Europe’s banks are fragile as it is. The last thing they needed was for a Dutch moralist to freelance his personal views as the euro area’s bailout policy.
Dijsselbloem already showed a penchant for making investors in ailing banks pay, when only a few weeks ago he nationalized SNS Reaal, a Dutch lender, wiping out bondholders in the process. But EU officials were stunned when the novice used the Cyprus crisis to publicly campaign for his stern approach for the entire euro area, at a time when EU officials were trying to convince investors that Cyprus was a special case, precisely so that they wouldn’t take flight. This rookie needs be taken out to the woodshed.
Damage control is under way, starting with Dijsselbloem’s rapidly recanting his template comments. Yet the cat is out of the bag -- large depositors in euro-area banks will adjust to what they now see as the coming policy in Europe. In cases like this, perceptions matter.

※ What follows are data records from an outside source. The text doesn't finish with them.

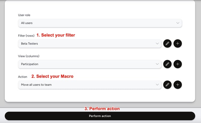 Note: Please refer to the Macros FAQ if you're unfamiliar with creating Macros. When creating your Macro, consider adding users to a Team and removing from the previous Team.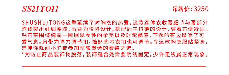 【SHUSHUTONG】蕾虎时尚镶嵌钻石拉链抹胸衣吊带经典款女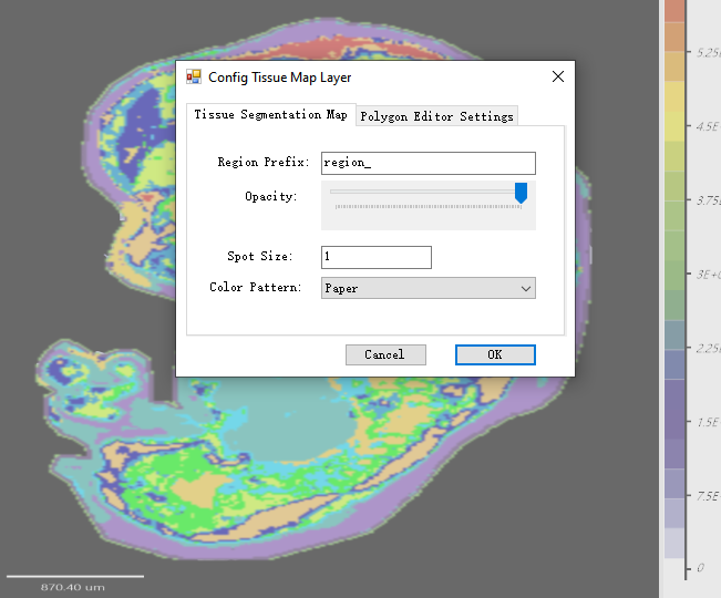 如果想要修改查看的空间分型图的透明度或者绘制的斑点大小,可以点击【MSI Region Sample】窗口中的【Config Tissue Map Layer】按钮,打开配置对话框。在对话框中修改【Opecity】或者【Spot Size】参数值即可。

Dijsselbloem’s message -- that investors must pay more and taxpayers less in bailing out distressed banks -- plays well in Calvinist Holland. But he was appointed the leader of the group of euro-area finance ministers to represent the collective views of the 17 member countries, not to be an avatar of Dutch moral principles.
Dijsselbloem’s template surprise was his second major blunder during the Cyprus bailout negotiations. The first was his willingness to sign off on Cyprus President Nicos Anastasiades’s proposal to impose a deposit tax on government insured deposits of less than 100,000 euros ($129,000).

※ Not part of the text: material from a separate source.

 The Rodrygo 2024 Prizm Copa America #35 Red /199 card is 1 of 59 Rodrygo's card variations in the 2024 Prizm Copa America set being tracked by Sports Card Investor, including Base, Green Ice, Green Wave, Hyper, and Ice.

Faced with the need to raise almost 6 billion euros to get 10 billion euros of help for bailing out the nation’s two biggest banks, the president of Cyprus insisted that government-insured small depositors should be taxed, so as to reduce the burden on the uninsured big depositors, most of them Russians. Not for nothing are the Germans calling Cyprus a “gangster economy.” French Finance Minister Pierre Moscovici called it a “casino economy.”

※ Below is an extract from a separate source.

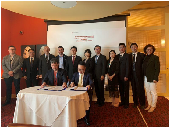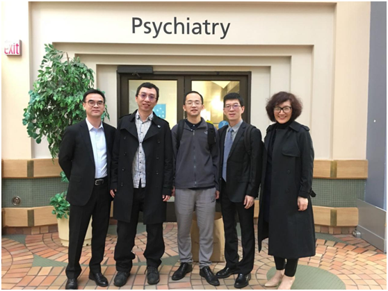 温州医科大学精神医学学院党委书记许冬武、耶利米信息科技有限公司董事长徐谊、总经理项健、温州康宁医院国合部主任王保凤与艾伯塔大学精神医学教授曹礴于艾伯塔大学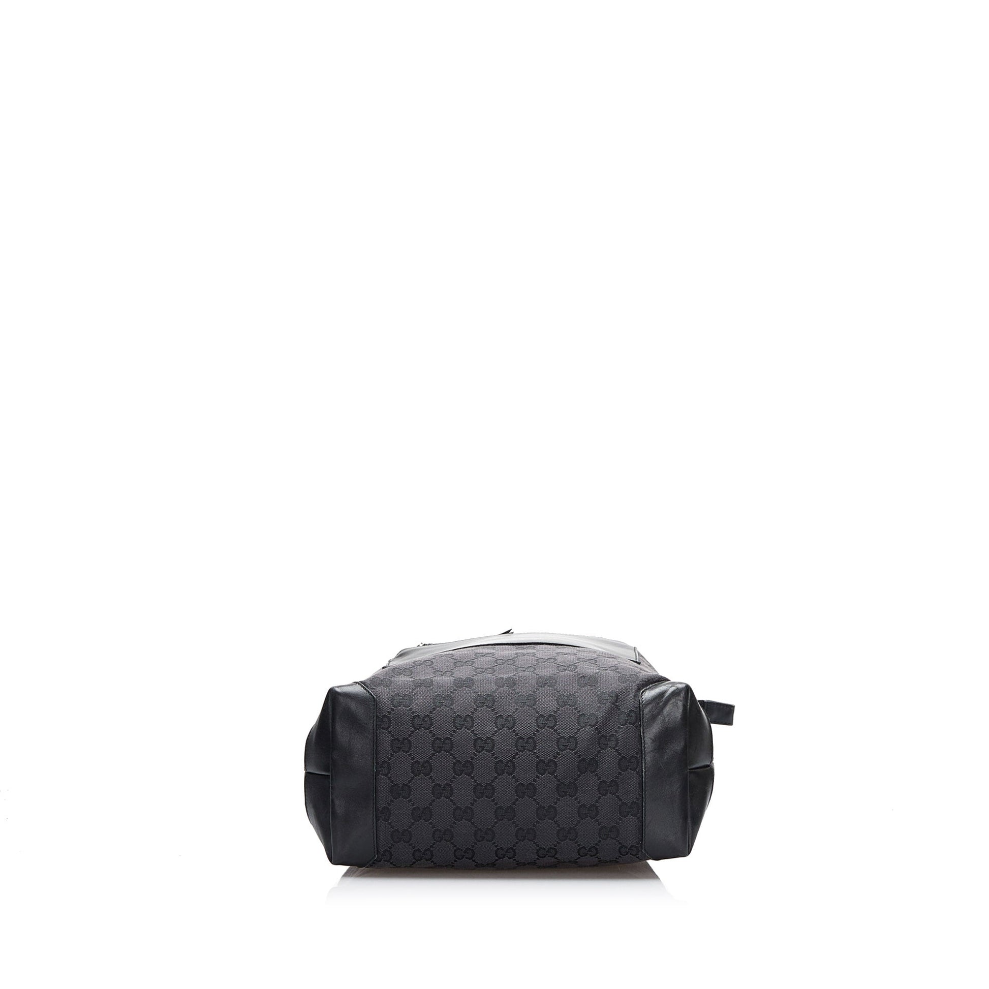 This Gucci handbag combines elegance with a high practicality. The Bag has been crafted from black GG canvas and is embraced by black leather trimmings and silver details. The Bag has an outer slip pocket on the front. The Bag has flat handles made of black leather for safe and comfortable transport on the shoulder or even in the hand and arm. The top zippered opening allows quick access to the interior. Here the Bag has a zippered compartment.

Anastasiades claimed the Cypriot parliament would rubber-stamp the agreement, and Dijsselbloem signed off on it, together with representatives from the European Central Bank and the International Monetary Fund, who must also shoulder part of the blame.
What a blunder. By signing off on a deal that would enable Anastasiades to keep doing business with Russian depositors, Dijsselbloem and his counterpart in the ECB risked serious bank runs throughout the euro area. These are the kinds of unpardonable mistakes that raise questions about whether the European leadership knows what it is doing.
The euro has its faults, it is true, but they are solvable. What makes exiting the crisis so difficult for Europe is the poor quality of its political leadership. Europe was asking for trouble when it put a newcomer like Dijsselbloem into such a senior and sensitive financial job without giving it a second thought -- and it got that trouble in spades with Cyprus.
The final agreement reached with the Cypriot government turned out to be constructive, but the route there was made unnecessarily circuitous and expensive by officials who don’t understand how markets operate.
(Melvyn Krauss is an emeritus economics professor at New York University and a senior fellow at the Hoover Institution at Stanford University. He writes regularly for several European newspapers, including Handelsblatt in Germany and NRC Handelsblad in the Netherlands. The opinions expressed are his own.)